Speech recognition and translation systems perform poorly on noisy inputs, which are frequent in realistic environments. Augmenting these systems with visual signals has the potential to improve robustness to noise. However, audio-visual (AV) data is only available in limited amounts and for fewer languages than audio-only resources. To address this gap, we present XLAVS-R, a cross-lingual audio-visual speech representation model for noise-robust speech recognition and translation in over 100 languages. It is designed to maximize the benefits of limited multilingual AV pre-training data, by building on top of audio-only multilingual pre-training and simplifying existing pre-training schemes. Extensive evaluation on the MuAViC benchmark shows the strength of XLAVS-R on downstream audio-visual speech recognition and translation tasks, where it outperforms the previous state of the art by up to 18.5% WER and 4.7 BLEU given noisy AV inputs, and enables strong zero-shot audio-visual ability with audio-only fine-tuning.
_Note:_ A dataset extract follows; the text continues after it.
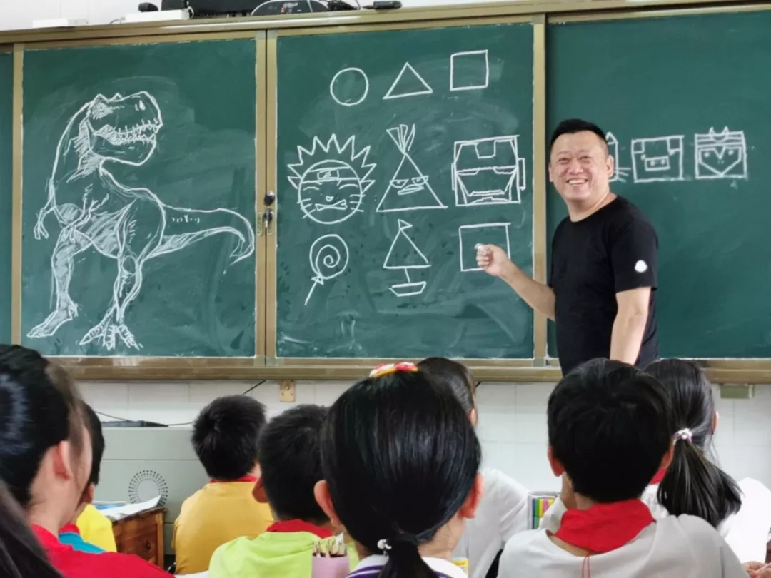 同學(xué)們?cè)谙旅娌碌脽峄鸪欤罾蠋焻s一言不發(fā),繼續(xù)涂涂畫畫,漸漸的圖像露出了真容,一只栩栩如生的大恐龍出現(xiàn)在黑板上,教室里的小家伙們發(fā)出一聲聲驚嘆:
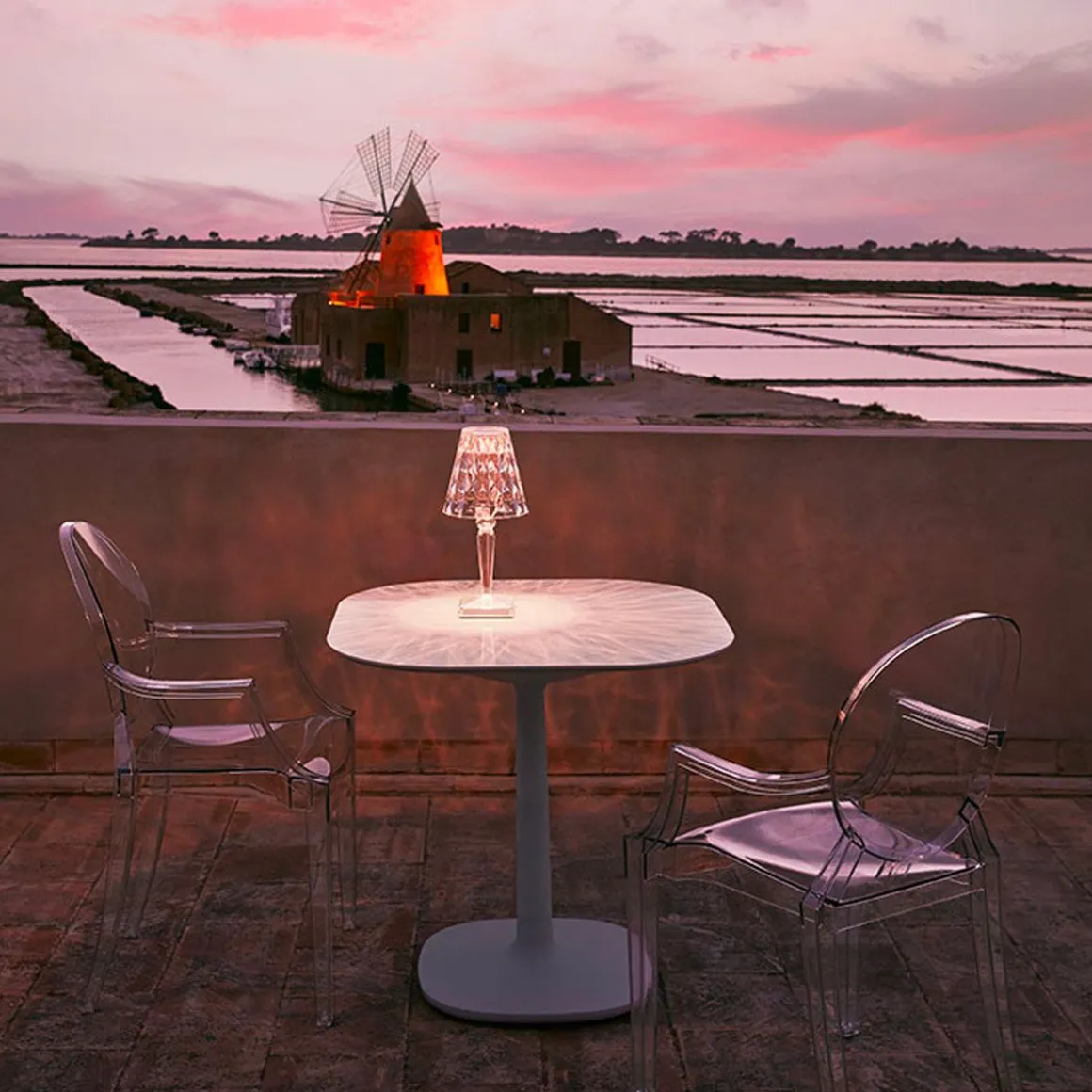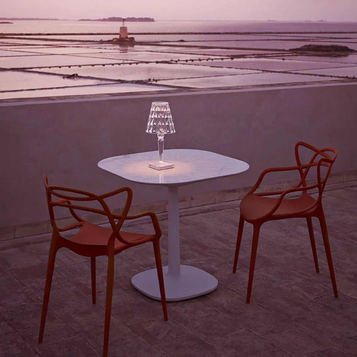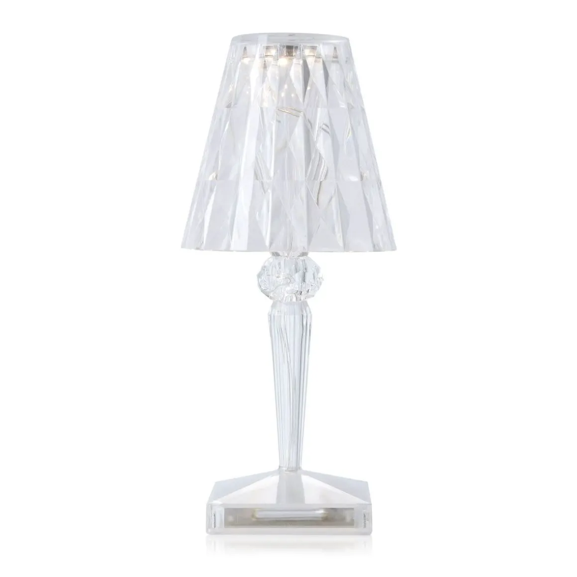 Lampe à abat-jour culte, Battery est un luminaire de taille réduite réalisé en PMMA transparent. La grande nouveauté réside dans le fait que, grâce à son alimentation par câble USB, ce produit est rechargeable à 100 %. Son autonomie peut atteindre 6 heures. Déplaçable en toute simplicité, il est ainsi idéal pour les espaces collectifs ou les bars/restaurants en plein air. Battery se compose d’un réflecteur de couleur cristal à surface facettée donnant naissance à d’envoûtants jeux de lumière. Ce produit est complété par une version entièrement réalisée à partir de différentes nuances de transparence.

Paper Structure (18 sections, 1 equation, 3 figures, 10 tables)

This paper contains 18 sections, 1 equation, 3 figures, 10 tables.

Figures (3)

  • Figure 1: Overview of XLAVS-R. From the audio-only SSL model, we generate unit targets for audio-visual SSL pre-training (left box). We inject visual modality into the first stage model (blue blocks) and fuse visual modality with audio one (pink blocks) to continue training with audio-visual SSL pre-training. In AV SSL, noises are added randomly to clean audio, and masked prediction objectives (right top) are applied to the union set of masked frames of audio and visual stream (bottom gray).
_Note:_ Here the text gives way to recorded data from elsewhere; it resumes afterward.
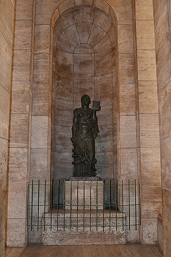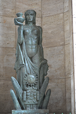En las galerías laterales se encuentran esculturas que representan a la Gran Patria Americana en sus cuatro etapas: América Indígena, América Colonial, América Constitucional y América Futura.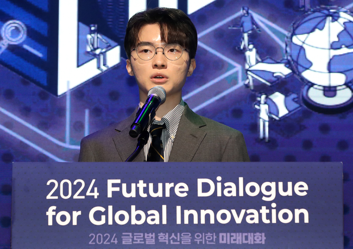 프로게이머 페이커 이상혁이 20일 서울 중구 소공동 웨스틴 조선호텔에서 외교부 주최로 열린 ‘2024 글로벌 혁신을 위한 미래대화’에서 기조연설을 하고 있다. [사진 = 청사사진기자단]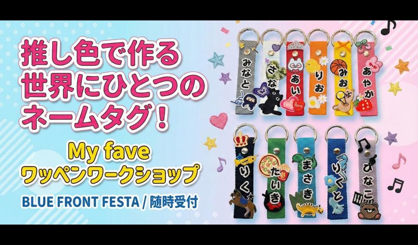 ワッペンワーク専門店「My fave(マイフェイブ)」によるワッペンワークショップ。カラフルなネームタグの土台と、数百種類以上のポップで可愛いワッペンの中から、好きなパーツを自由に組み合わせてつくります。大好きな「推し」のカラーで作る応援グッズ、お子様の通園・通学バッグの目印、親子でお揃いのキーホルダーなど、アイデア次第で楽しみ方は無限大。世界に一つだけの、あなただけのオリジナルグッズ作りをぜひお楽しみください。
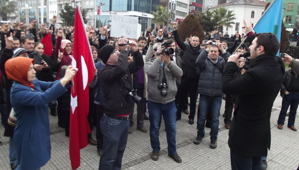 Kdz.Ereğli Atatürk Anıtı Önünde toplanan yüzlerce kişi sloganlarla "Ne Mutlu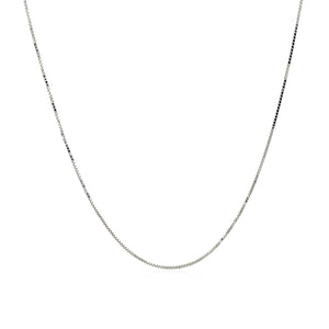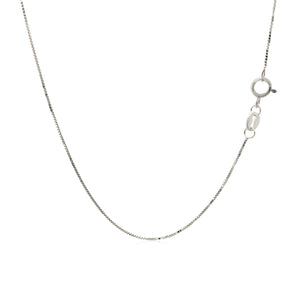 14k white gold, this adjustable box chain measures a width of 0.6 millimeters. The 18 inches can also wear as a 16”, and the 20 inches can also wear as an 18 inches chain secured with a spring ring clasp.
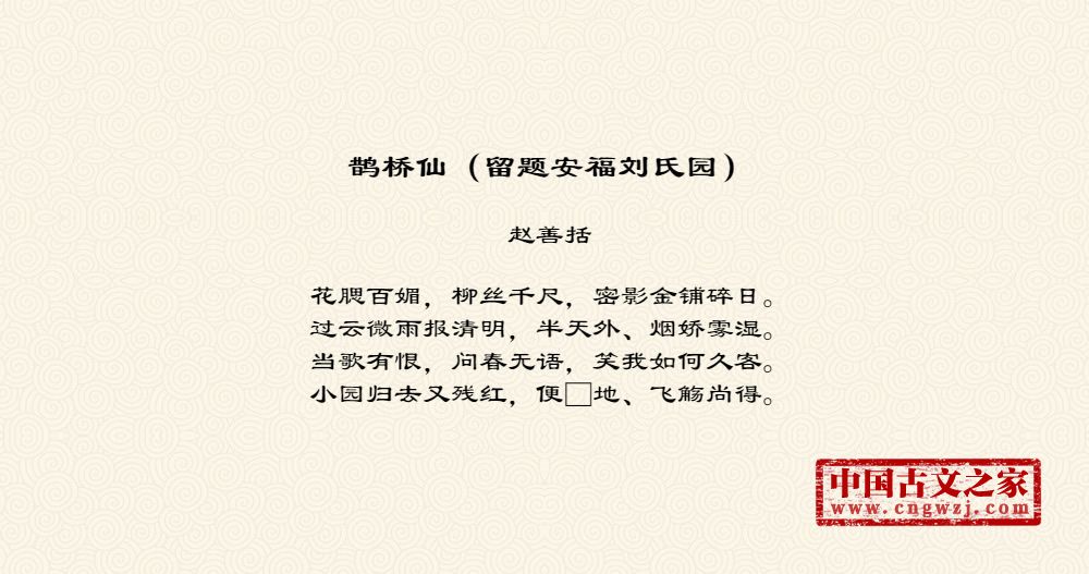 《鹊桥仙(留题安福刘氏园)》由赵善括创作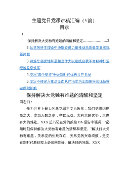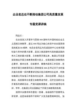 专题党课:深刻领悟XXX新时代中国特色社会主义思想重大意义扎实推动事业高质量发展同志们:根据中心党委学习贯彻XXX新时代中国特色社会主义思想主体教育安排,党委书记要在全中心党员层面讲党课。其他班子成员要在所在支部层面为党员讲党课。支部书记也要在本支部给全体党员讲党课。这是硬性要求,也是主体教育的规定动作。我今天党课的题目是《深刻领悟XXX新时代中国特色社会主义思想的重大意义扎实推动审评查验事业高质量发展》。主要讲四个方面的内容:一是XXX新时代中国特色社会主义思想的形成过程,二是深入学习领会XXX新时代中国特色社会主义思想的重大意义,三是把握好XXX新时代中国特色社会主义思想的世界观和方法论,...
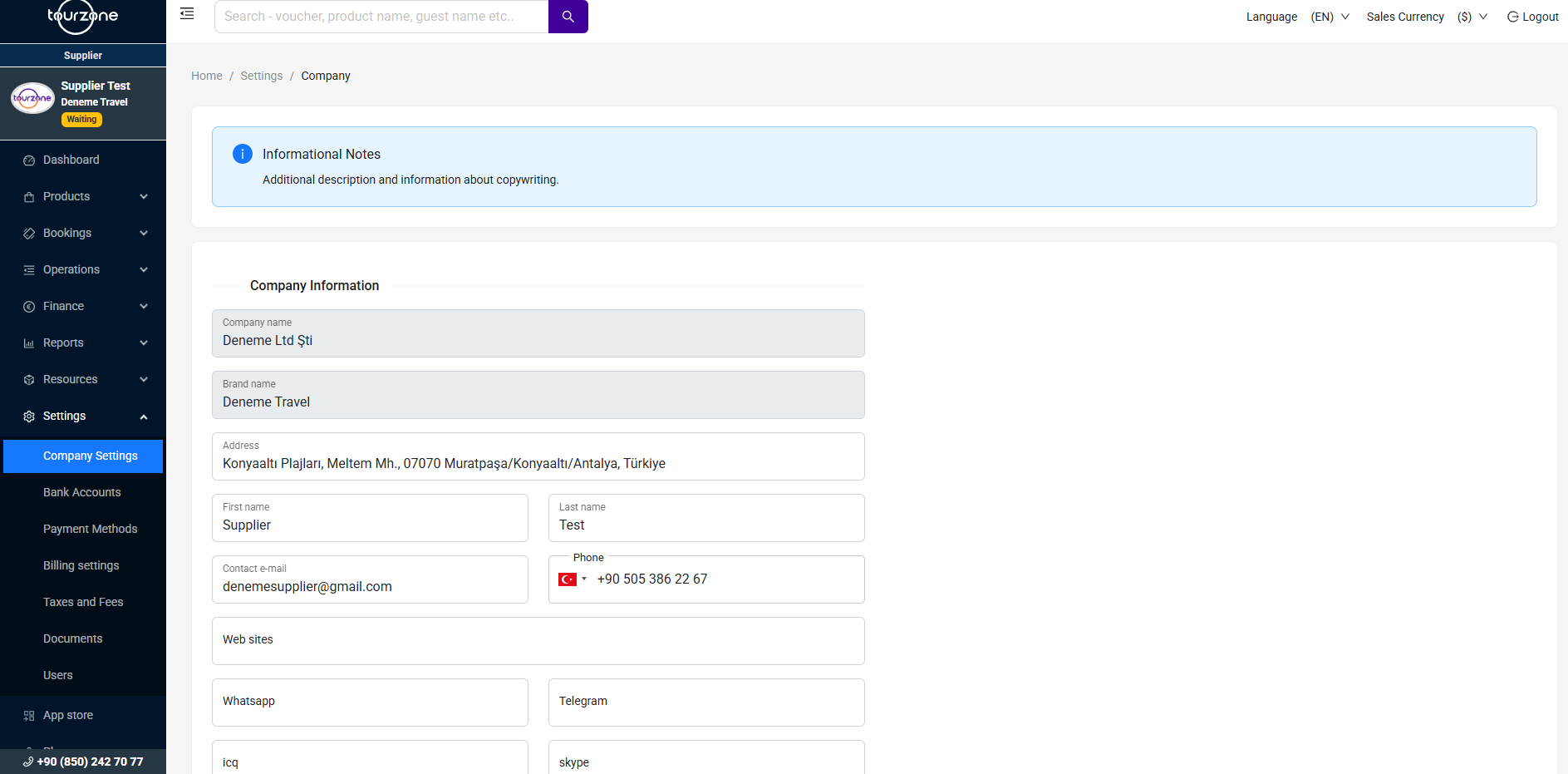 Название компании – официальное юридическое название (например, Deneme Ltd Şti)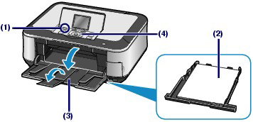 (3) 轻轻地打开出纸托盘,并打开出纸托盘扩展架。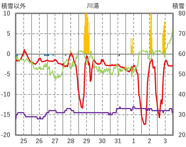 | 日 | 時 | 気温 | 降水 | 風向/風速 | 日照 | 積雪 | 降雪 |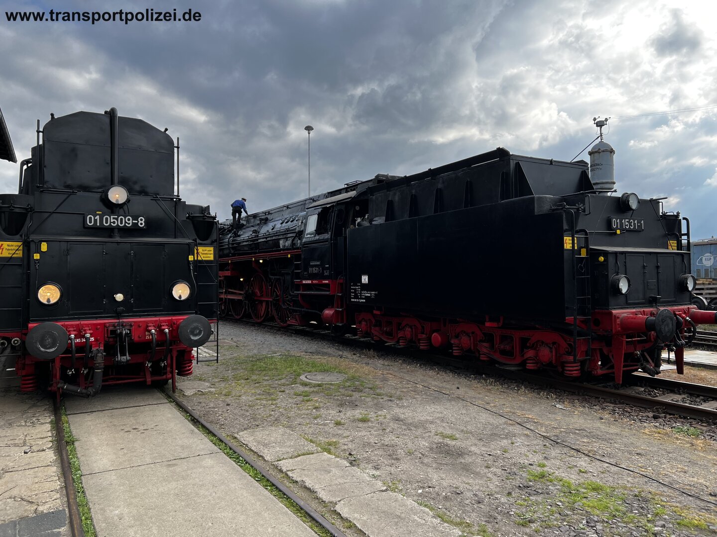 Zu der großen Fahrzeugausstellung waren auch zahlreiche Gastlokomotiven angereist. Unter anderem die Diesellok 232 903-5,120 274-6, 112 364-5 und die Dampfloks 01 1531-1,01 0509-8 sowie die E-Lok 211 030-2.

  • Figure 2: Effectiveness of each component towards XLAVS-R and multilingual pre-training data starting from AV-HuBERT model pre-trained only on MuAViC-En. All the components of XLAVS-R are shown to be effective. Each ablated pre-trained models are fine-tuned and evaluated on multilingual audio-visual speech recognition with identical training and test settings (A: audio, AV: audio+video). The numbers of the plots are in Appendix, Table \ref{['table:avhubert2']}.
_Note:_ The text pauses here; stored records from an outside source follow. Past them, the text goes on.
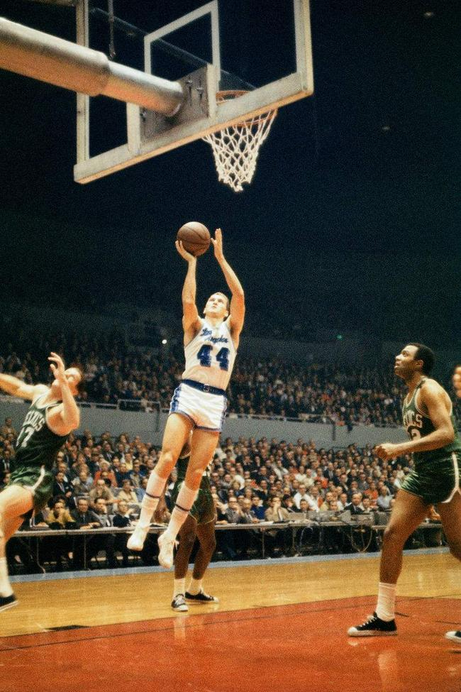杰里-韦斯特在1960年选秀大会上,被洛杉矶湖人队在第一轮第二顺位被选中。从此,便开始在湖人队戎马生涯14年载。在湖人队时期,韦斯特是是1946年NBA联盟成立以来,截至目前唯一一位以失败者身份捧起总决赛MVP的球员。在韦斯特的职业生涯中,最神奇的一投发生在1970年总决赛对阵纽约尼克斯的第三场比赛中,最后时刻,他命中了一记60英尺外的投篮。在1972年,韦斯特赢得过唯一的一次NBA总冠军。1983年,湖人队退役了韦斯特的44号球衣。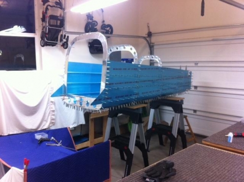 Left skin, stiffeners, and rudder brace
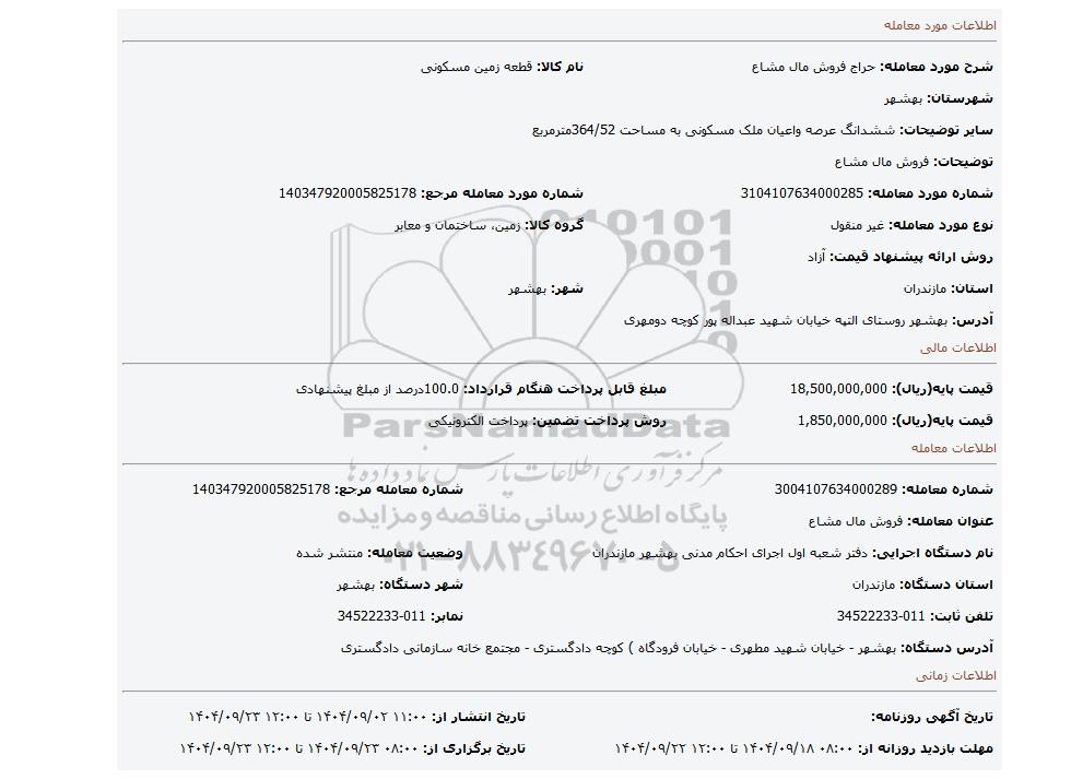 مزایده عمومی مزایده فروش مال مشاع برگزار میگردد. از کلیه افراد متخصص و شرکت‌های واجد شرایط دعوت به عمل می‌آید تا در این مزایده با کد خبرگزاری پارس نماد : 9900095 شرکت نمایند تاریخ شروع مزایده : 1404/09/02 مهلت شرکت در مزایده: تا پایان روز 1404/09/23 مکان برگزاری اموال واگذاری استان‌های مازندران و دسته‌بندی‌های مربوط به این حراجی املاک و زمین میباشد.

  • Figure 3: XLAVS-R shows greater zero-shot ability on audio-visual test mode with audio-only fine-tuned (FT, striped) model compared to that of AV-HuBERT. Without fine-tuned on the labeled audio-visual set, the A-only FT model from XLAVS-R shows 5% WER improvement on AV test mode compared to A test mode (purple), while that of AV-HuBERT shows only 3% WER (orange) in a noisy environment. The bigger the XLAVS-R model size, the greater the zero-shot ability---the gap of 9.8% WER between A and AV test mode of A-only FT 2B model in a noisy environment). Values of individual languages are in Appendix, Table \ref{['table:xlsr_xlavsr']}.